でもそういう手を使いたくなくて真面目に働いている人ほど割を食うなんて、なんだか気持ちが塞いでしまう。

 

9月18日

社会を呪っていたら(半分冗談だけど)体調を崩した。
呪いは跳ね返ってくるのね。知っていたけど。
この国に住んでいるのが間違いなのかもしれない、と考えたりもする。

 

9月19日

個人への思いと、その個人の背景にある社会の仕組みに言及することを分けて考えないままでいる人が大勢いるな、とSNSを見ながら思う。それはそれ、としておくのはそんなに難しいこと?情緒の波というものはそんなに人間を大雑把に包み込んでしまうのか。
真ん中でどちらも保ちながら漂っていられない、待っていられないから、それならば情緒が動く方(楽な方)に流れようということなのか。

 

9月24日

Twitterでフランス語の本を読むコミュニティに参加して3ヶ月目。
今まで一冊を読み通すのが難しかったけれど、他の方の感想を読んだり進捗に励まされて、3日は空けずに本を読む習慣がついてきている。  
今読んでいるグカ・ハンの『Le jour où le desert est entré dans la ville(砂漠が街に入りこんだ日)』は日本語訳を読んだこともなく、1ヶ月で読み切れるか不安だったけれどなんとかついてゆけている。  
それにしても、コミュニティの方の読み解きの深さや緻密さには毎回驚きや気付きをもらう。

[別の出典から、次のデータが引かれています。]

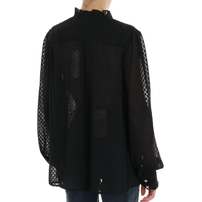 Camicia in fantasia tono su tono geometrica, rouches. Vestibilità regular.
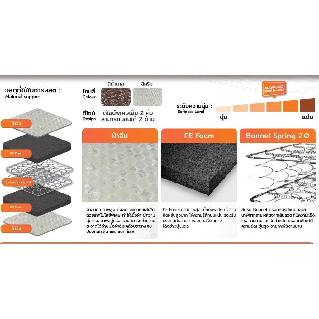 [HOT DEAL] ที่นอนสปริงเสริมยาง PE หนา9 นิ้ว ราคาประหยัด ผ้าหุ้มกันไรฝุ่น ที่นอนสปริงถูกๆ
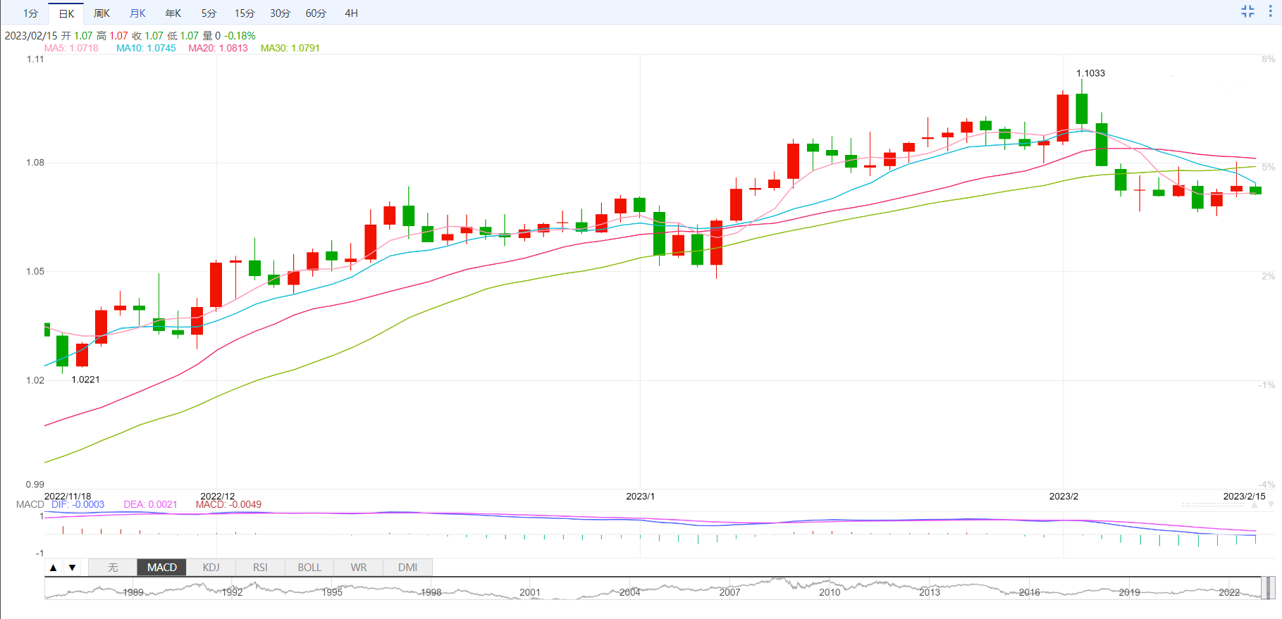 支撑位:1.0695 1.0652 1.0597

フランス語の読み方というよりは、物語/記述をいかに読むか、読み取った/感じ取ったことをいかに言葉にするか…つまりそもそもの「本を読む」ことの基本だが、私には思いつきもしなかったこと、考えが及ばなかったことに言及されていて、それに触れると物語がいっそう豊かになる。
いつか読書会を開催してみたいと夢想していたけれど、とてもじゃないけど主催できるような力は私にはないのだった。(別にがっかりしたりはしていない)
ほんとうに参加してよかったな。1年続けたら12冊読めるのだという事実にもわくわくする。

訳者の原正人さんの日本語版のあとがきがこちらで読める。

そっか、8人の私、なのか…。


MUBIに登録しようかどうか迷っていて(久しぶりに映画を見られそうな気がする)、ひとまず7日間の無料体験をしてみている。
見たいものはたくさんあったけれど手始めに日本映画。『羅生門』を見る。
フランス語字幕ならどの映画にもたいていついているけれど、入会してまで見られるかはちょっと分からない。週に1本でも見られたらいい、くらいの気持ちもあるけれどそれも追いつけるかどうか…ドキュメンタリーみたいなものと違ってやっぱりまだ映画のフランス語にはついてゆけていない。
いつまで上達しないつもりなんだ、フランス語。


そういえば、ちょうど一週間前から痛かったお腹がやっと落ち着いてきた。
自分を焦がすほど腹を立ててはいけない。